Please transcribe the data below exactly. Leave the pictures out.

## Supplied data
───
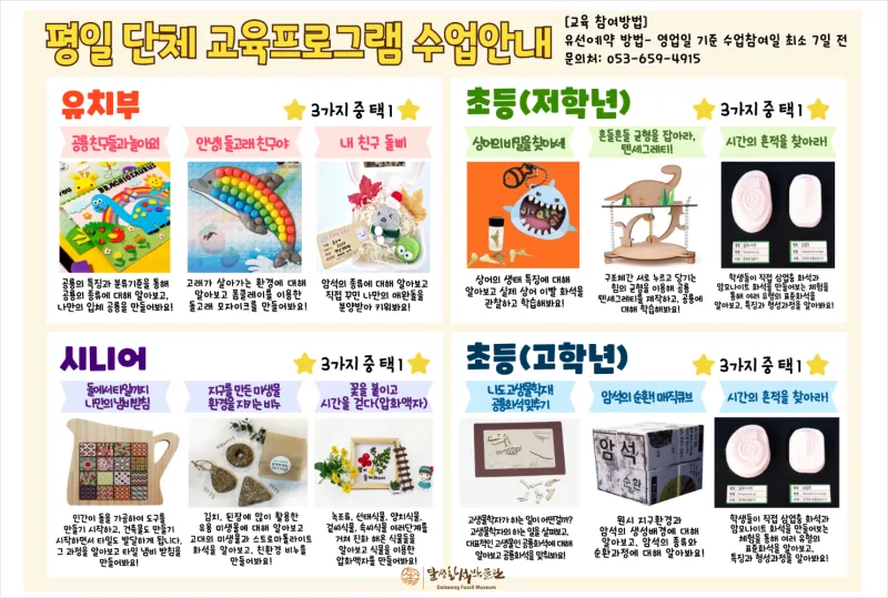 달성화석박물관 홈페이지에서 이달의 프로그램과 평일 단체 교육 프로그램 수업 확인할 수 있으며,
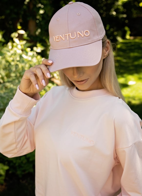 Piękny, pastelowy różowo-łososiowy kolor, okraszony wyszytym logotypem na spodenkach i bluzie.
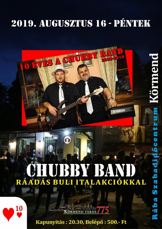 Augusztus 16-án a 10 éves Chubby Band ad hangulatos műsort, 21 órától. Belépő 500.- Ft, kapunyitás 20.00.
───
## Result
 달성화석박물관 홈페이지에서 이달의 프로그램과 평일 단체 교육 프로그램 수업 확인할 수 있으며,
 Piękny, pastelowy różowo-łososiowy kolor, okraszony wyszytym logotypem na spodenkach i bluzie.
 Augusztus 16-án a 10 éves Chubby Band ad hangulatos műsort, 21 órától. Belépő 500.- Ft, kapunyitás 20.00.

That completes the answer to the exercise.